4026532331 ipc 2 19221 root unshare --uts=..
4026532332 pid 1 19223 root /bin/bash -il
4026532334 net 2 19221 root unshare --uts=..
Step 3: Re-entering
-------------------
Trying to enter based on PID works:
# nsenter -t 19223 -m -u -i -n -p \
sh -c 'hostname ; echo ; ps ax ; echo ; ifconfig -a'
foobar
PID TTY STAT TIME COMMAND
1 pts/2 S+ 0:00 /bin/bash -il
15 pts/1 S+ 0:00 sh -c hostname ; ps ax
17 pts/1 R+ 0:00 ps ax
lo Link encap:Local Loopback
LOOPBACK MTU:65536 Metric:1
RX packets:0 errors:0 dropped:0 overruns:0 frame:0
TX packets:0 errors:0 dropped:0 overruns:0 carrier:0
collisions:0 txqueuelen:0
RX bytes:0 (0.0 B) TX bytes:0 (0.0 B)
However trying to enter by the persistent mounts does not
re-enter the pid/net namespace:
# nsenter --uts=$basedir/uts \
--mount=$basedir/mnt \
--ipc=$basedir/ipc \
--pid=$basedir/pid \
--net=$basedir/net \
sh -c 'hostname ; echo ; ps ax ; echo ; ifconfig -a'
foobar
Error, do this: mount -t proc proc /proc
Warning: cannot open /proc/net/dev (No such file or directory).
Limited output.
Listing /proc inside the container shows it only lists PID 1
(the running '/bin/bash' from the original 'unshare' invocation).

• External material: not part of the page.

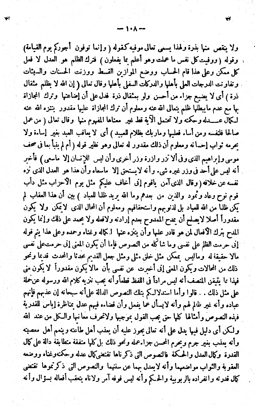 وَلَا ينقص مِنْهَا بذرة وَلِهَذَا يُسمى تَعَالَى موفيه كَقَوْلِه {وَإِنَّمَا توفون أجوركم يَوْم الْقِيَامَة} وَقَوله {ووفيت كل نفس مَا عملت وَهُوَ أعلم بِمَا يَفْعَلُونَ} فَترك الظُّلم هُوَ الْعدْل لافعل كل مُمكن وعَلى هَذَا قَامَ الْحساب وَوضع الموازين الْقسْط ووزنت الْحَسَنَات والسيئات وتفاوتت الدَّرَجَات العلى بِأَهْلِهَا والدركات السُّفْلى بِأَهْلِهَا وَقَالَ تَعَالَى {إِن الله لَا يظلم مِثْقَال ذرة} أَي لَا يضيع جَزَاء من أحسن وَلَو بمثقال ذرة فَدلَّ على أَن اضاعتها وَترك المجازاة بهَا مَعَ عدم مَا يُبْطِلهَا ظلم يتعالى الله عَنهُ وَمَعْلُوم أَن ترك المجازاة عَلَيْهَا مَقْدُور يتنزه الله عَنهُ لكَمَال عدله وحكمته وَلَا تحْتَمل الْآيَة قطّ غير مَعْنَاهَا الْمَفْهُوم مِنْهَا وَقَالَ تَعَالَى {من عمل صَالحا فلنفسه وَمن أَسَاءَ فعلَيْهَا وَمَا رَبك بظلام للعبيد} أَي لَا يُعَاقب العَبْد بِغَيْر إساءة وَلَا يحرمه ثَوَاب إحسانه وَمَعْلُوم أَن ذَلِك مَقْدُور لَهُ تَعَالَى وَهُوَ نَظِير قَوْله {أم لم ينبأ بِمَا فِي صحف مُوسَى وَإِبْرَاهِيم الَّذِي وفى أَلا تزر وَازِرَة وزر أُخْرَى وَأَن لَيْسَ للْإنْسَان إِلَّا مَا سعى} فَأخْبر انه لَيْسَ على أحد فِي وزر غَيره شَيْء

Based on naive reading of unshare(1) man page (with the example of
persistent UTS at the bottom), I assumed the above two examples with
PID and with persistent mount points should be equivalent.

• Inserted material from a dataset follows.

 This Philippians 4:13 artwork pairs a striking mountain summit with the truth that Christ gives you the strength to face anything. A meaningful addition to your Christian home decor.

Is this a kernel limitation ?
Step 4: PID namespace is never persistent?
------------------------------------------
IIUC, this is a kernel limitation:
If the program which is PID1 inside the container
terminates, there is no way to re-enter the PID namespace
(http://man7.org/linux/man-pages/man7/pid_namespaces.7.html).
Is that correct?
If so, perhaps it would be helpful to add a caveat in the
unshare/nsenter man pages, saying the PID namespace will
not persist if the process termintes?
And if this is the case, would the following
work to create a re-entrant persistent namespace:
unshare --uts=$basedir/uts \
--mount=$basedir/mnt \
--ipc=$basedir/ipc \
--pid=$basedir/pid \
--net=$basedir/net \
--mount-proc \
--fork \
sleep inf
Obviosuly sleep(1) is not a good PID1, but is it conceptually correct
way to ensure the PID namespace is persistent?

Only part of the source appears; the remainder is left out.